** Task description **
Everything in the records below from the line containing "2、繁殖习性:成年鳄鱼5~6" through the line containing "این دادهها نشان" is to be reproduced exactly, those two lines included; no picture is to be copied.

** Data for analysis **
= = = = =

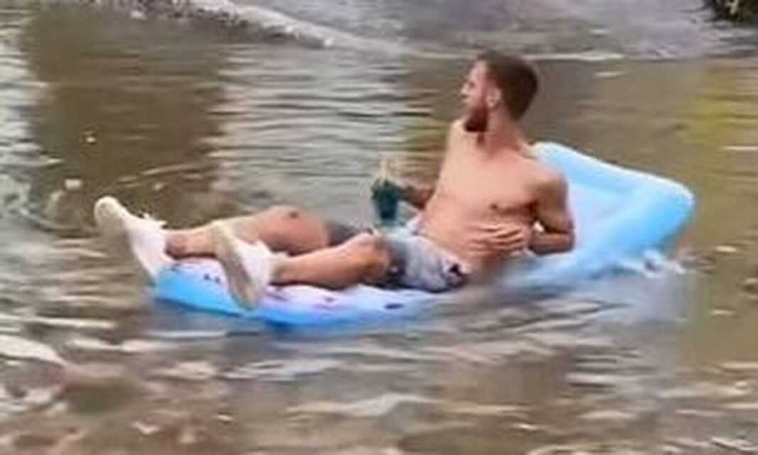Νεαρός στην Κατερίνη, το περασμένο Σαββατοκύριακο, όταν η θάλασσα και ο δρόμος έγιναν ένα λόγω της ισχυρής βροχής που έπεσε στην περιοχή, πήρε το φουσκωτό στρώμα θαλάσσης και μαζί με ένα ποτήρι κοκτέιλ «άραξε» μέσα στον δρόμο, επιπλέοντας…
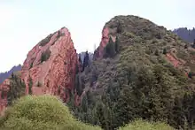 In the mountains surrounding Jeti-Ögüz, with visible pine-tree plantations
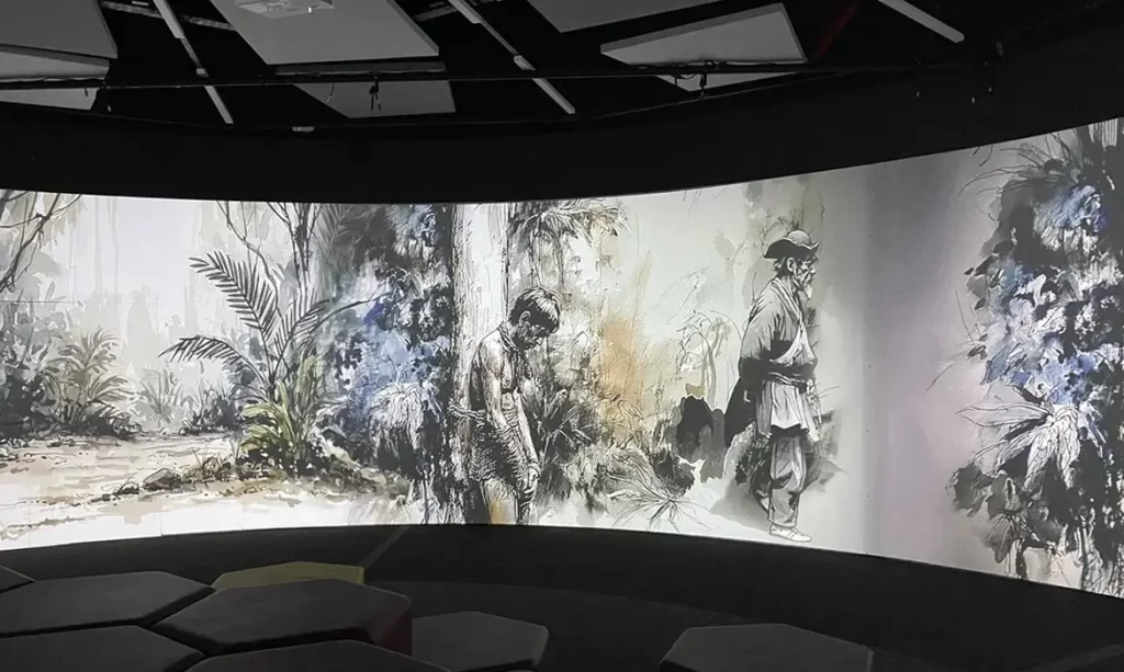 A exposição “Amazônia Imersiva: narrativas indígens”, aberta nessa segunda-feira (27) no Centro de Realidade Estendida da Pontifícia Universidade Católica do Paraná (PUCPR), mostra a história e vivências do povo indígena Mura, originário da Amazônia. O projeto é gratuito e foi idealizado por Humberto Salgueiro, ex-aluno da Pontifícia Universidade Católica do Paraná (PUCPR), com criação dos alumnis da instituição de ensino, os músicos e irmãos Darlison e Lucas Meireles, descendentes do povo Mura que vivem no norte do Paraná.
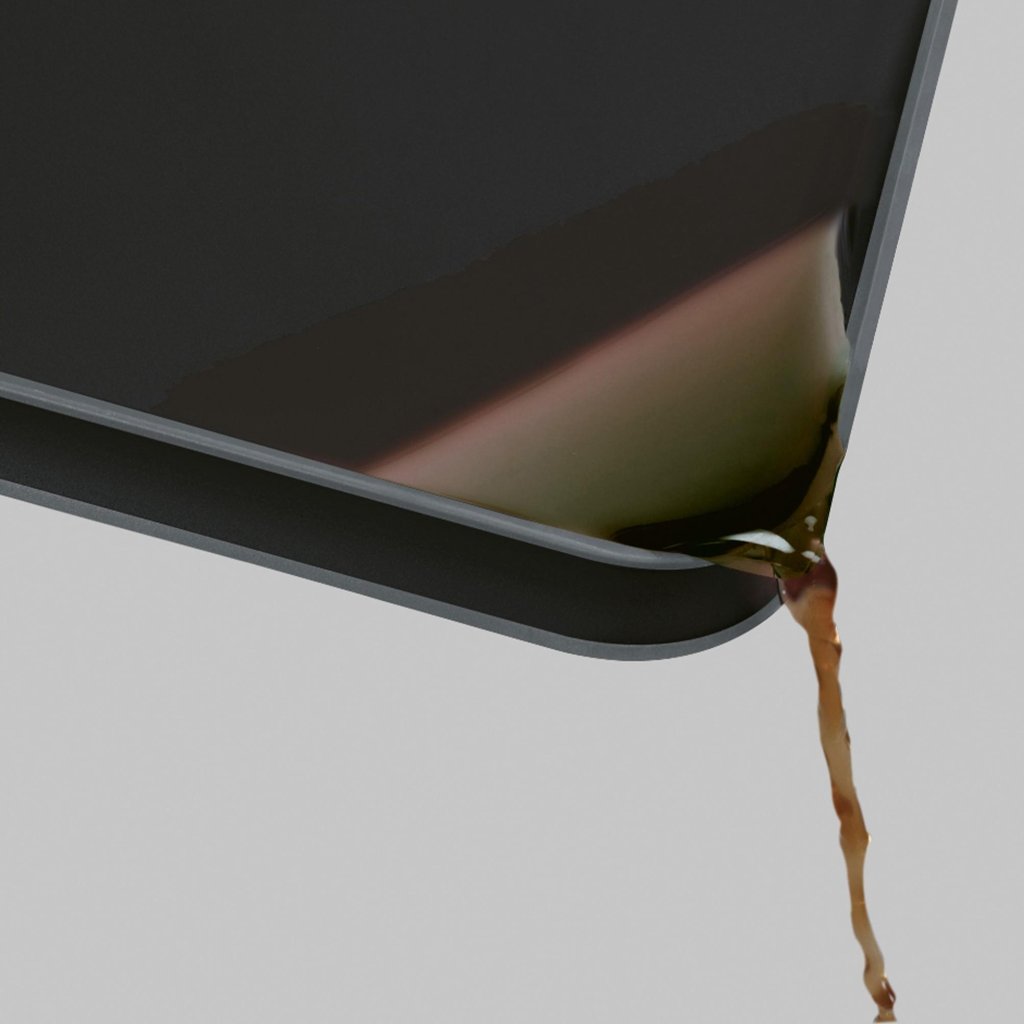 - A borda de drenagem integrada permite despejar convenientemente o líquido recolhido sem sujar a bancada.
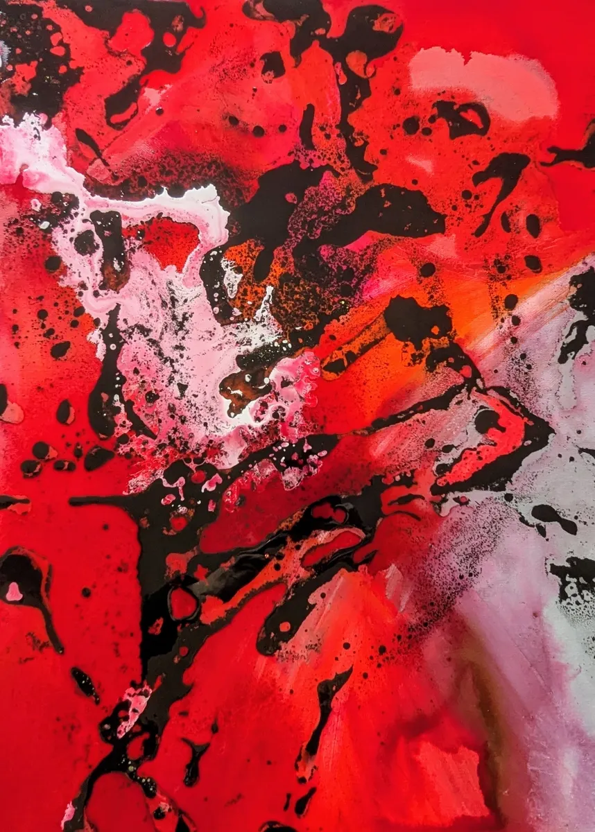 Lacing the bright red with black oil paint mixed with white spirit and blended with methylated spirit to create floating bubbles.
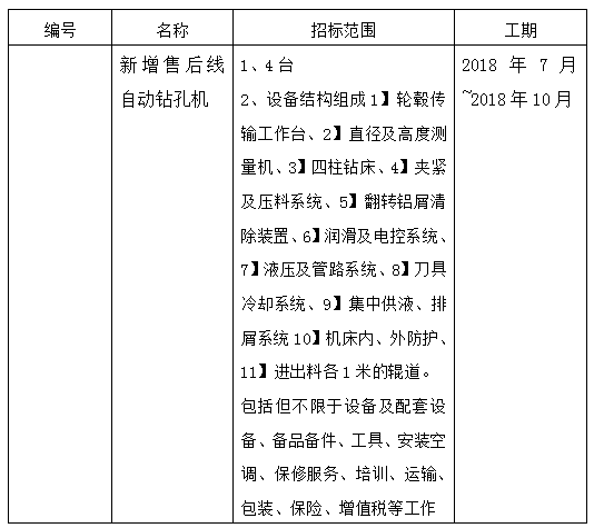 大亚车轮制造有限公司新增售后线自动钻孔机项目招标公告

= = = = =

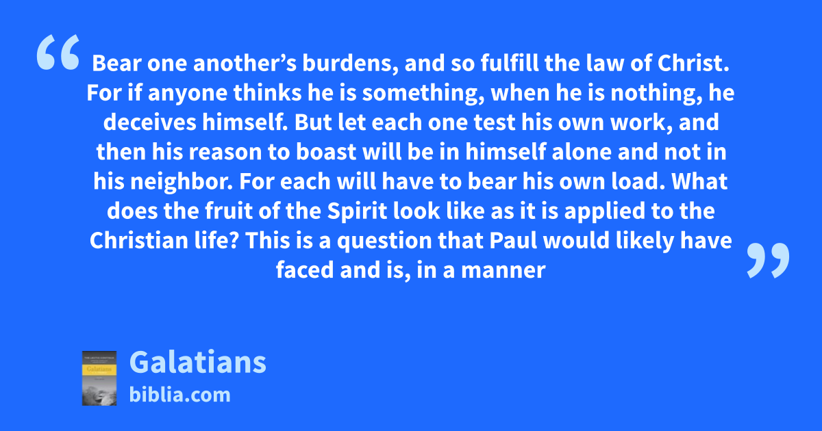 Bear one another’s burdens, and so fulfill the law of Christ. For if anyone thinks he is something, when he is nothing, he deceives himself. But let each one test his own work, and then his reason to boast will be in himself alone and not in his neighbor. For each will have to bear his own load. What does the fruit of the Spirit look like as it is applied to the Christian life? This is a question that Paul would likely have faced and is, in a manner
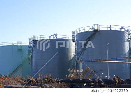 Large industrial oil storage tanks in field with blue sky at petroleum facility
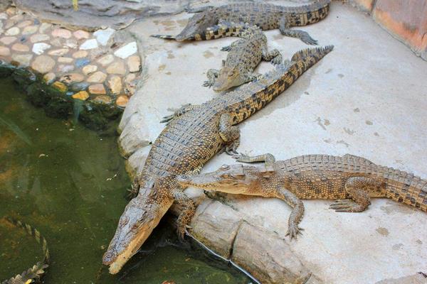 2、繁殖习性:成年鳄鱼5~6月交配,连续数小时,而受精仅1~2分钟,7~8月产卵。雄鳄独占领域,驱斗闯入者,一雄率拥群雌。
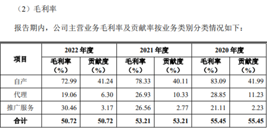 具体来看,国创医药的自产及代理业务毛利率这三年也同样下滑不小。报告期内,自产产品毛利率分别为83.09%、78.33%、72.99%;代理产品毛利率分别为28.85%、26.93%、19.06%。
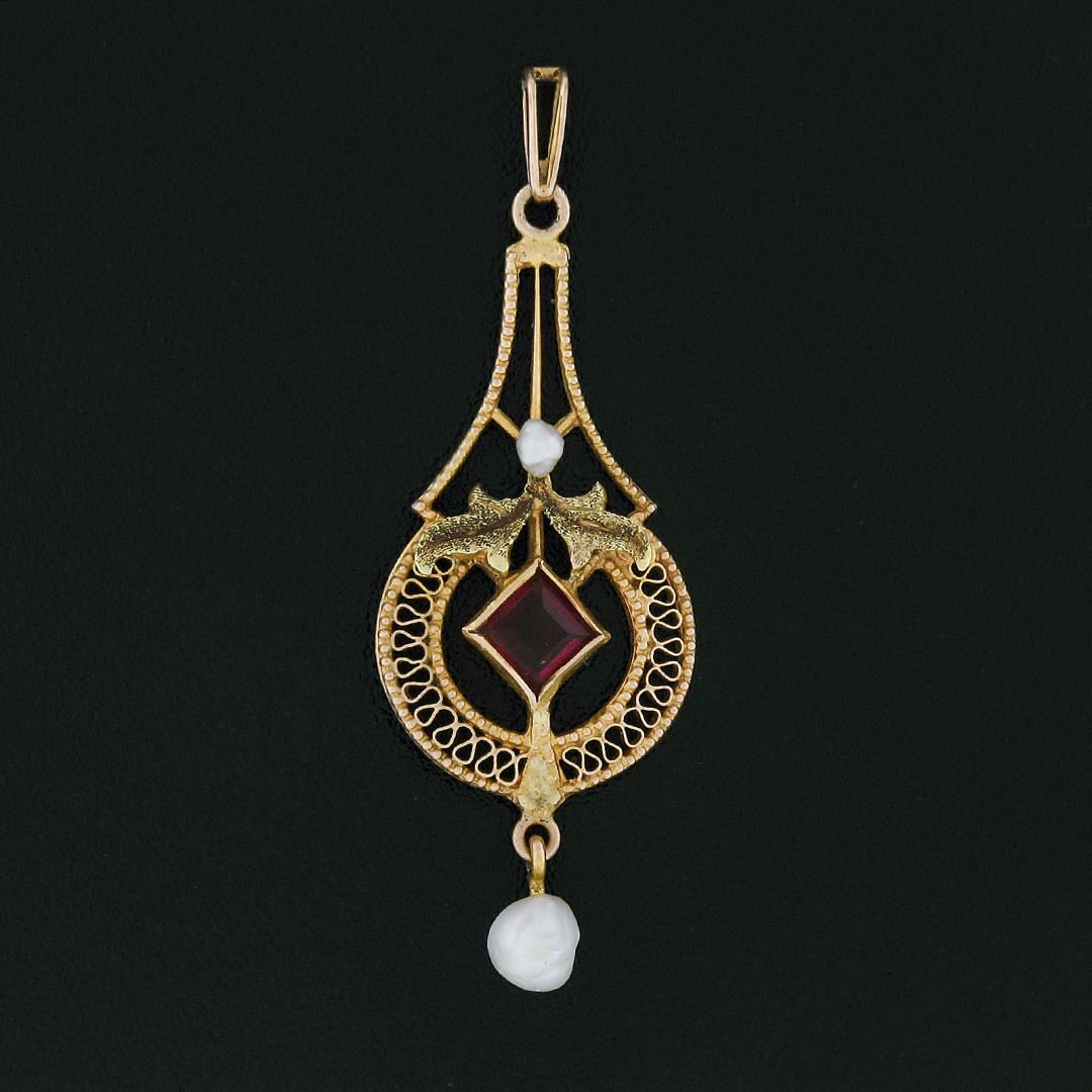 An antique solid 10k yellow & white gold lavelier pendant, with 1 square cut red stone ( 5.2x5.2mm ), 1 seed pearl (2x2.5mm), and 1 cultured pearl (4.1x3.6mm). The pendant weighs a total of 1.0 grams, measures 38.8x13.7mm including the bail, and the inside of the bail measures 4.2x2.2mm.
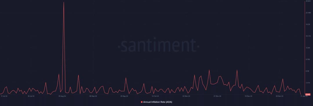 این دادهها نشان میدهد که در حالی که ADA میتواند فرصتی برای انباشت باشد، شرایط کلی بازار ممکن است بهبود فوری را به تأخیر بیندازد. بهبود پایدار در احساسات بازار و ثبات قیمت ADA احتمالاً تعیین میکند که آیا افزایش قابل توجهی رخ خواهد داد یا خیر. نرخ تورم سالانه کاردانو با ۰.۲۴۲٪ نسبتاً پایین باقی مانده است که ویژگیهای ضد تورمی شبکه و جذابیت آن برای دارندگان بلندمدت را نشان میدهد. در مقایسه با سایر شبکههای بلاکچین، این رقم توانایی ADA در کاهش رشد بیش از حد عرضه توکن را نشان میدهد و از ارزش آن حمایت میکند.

= = = = =

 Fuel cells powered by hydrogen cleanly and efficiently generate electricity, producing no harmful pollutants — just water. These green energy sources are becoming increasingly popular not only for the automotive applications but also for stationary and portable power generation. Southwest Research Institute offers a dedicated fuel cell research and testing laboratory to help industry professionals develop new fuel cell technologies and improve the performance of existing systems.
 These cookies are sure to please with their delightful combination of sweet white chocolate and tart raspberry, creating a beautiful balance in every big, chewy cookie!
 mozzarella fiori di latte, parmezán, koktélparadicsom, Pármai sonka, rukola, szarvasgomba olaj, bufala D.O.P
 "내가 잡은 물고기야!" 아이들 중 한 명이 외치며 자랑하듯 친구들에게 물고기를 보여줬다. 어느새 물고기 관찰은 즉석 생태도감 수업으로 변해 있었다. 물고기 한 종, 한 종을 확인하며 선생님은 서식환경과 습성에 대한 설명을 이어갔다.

= = = = =

** Result below **
 2、繁殖习性:成年鳄鱼5~6月交配,连续数小时,而受精仅1~2分钟,7~8月产卵。雄鳄独占领域,驱斗闯入者,一雄率拥群雌。
 具体来看,国创医药的自产及代理业务毛利率这三年也同样下滑不小。报告期内,自产产品毛利率分别为83.09%、78.33%、72.99%;代理产品毛利率分别为28.85%、26.93%、19.06%。
 An antique solid 10k yellow & white gold lavelier pendant, with 1 square cut red stone ( 5.2x5.2mm ), 1 seed pearl (2x2.5mm), and 1 cultured pearl (4.1x3.6mm). The pendant weighs a total of 1.0 grams, measures 38.8x13.7mm including the bail, and the inside of the bail measures 4.2x2.2mm.
 این دادهها نشان میدهد که در حالی که ADA میتواند فرصتی برای انباشت باشد، شرایط کلی بازار ممکن است بهبود فوری را به تأخیر بیندازد. بهبود پایدار در احساسات بازار و ثبات قیمت ADA احتمالاً تعیین میکند که آیا افزایش قابل توجهی رخ خواهد داد یا خیر. نرخ تورم سالانه کاردانو با ۰.۲۴۲٪ نسبتاً پایین باقی مانده است که ویژگیهای ضد تورمی شبکه و جذابیت آن برای دارندگان بلندمدت را نشان میدهد. در مقایسه با سایر شبکههای بلاکچین، این رقم توانایی ADA در کاهش رشد بیش از حد عرضه توکن را نشان میدهد و از ارزش آن حمایت میکند.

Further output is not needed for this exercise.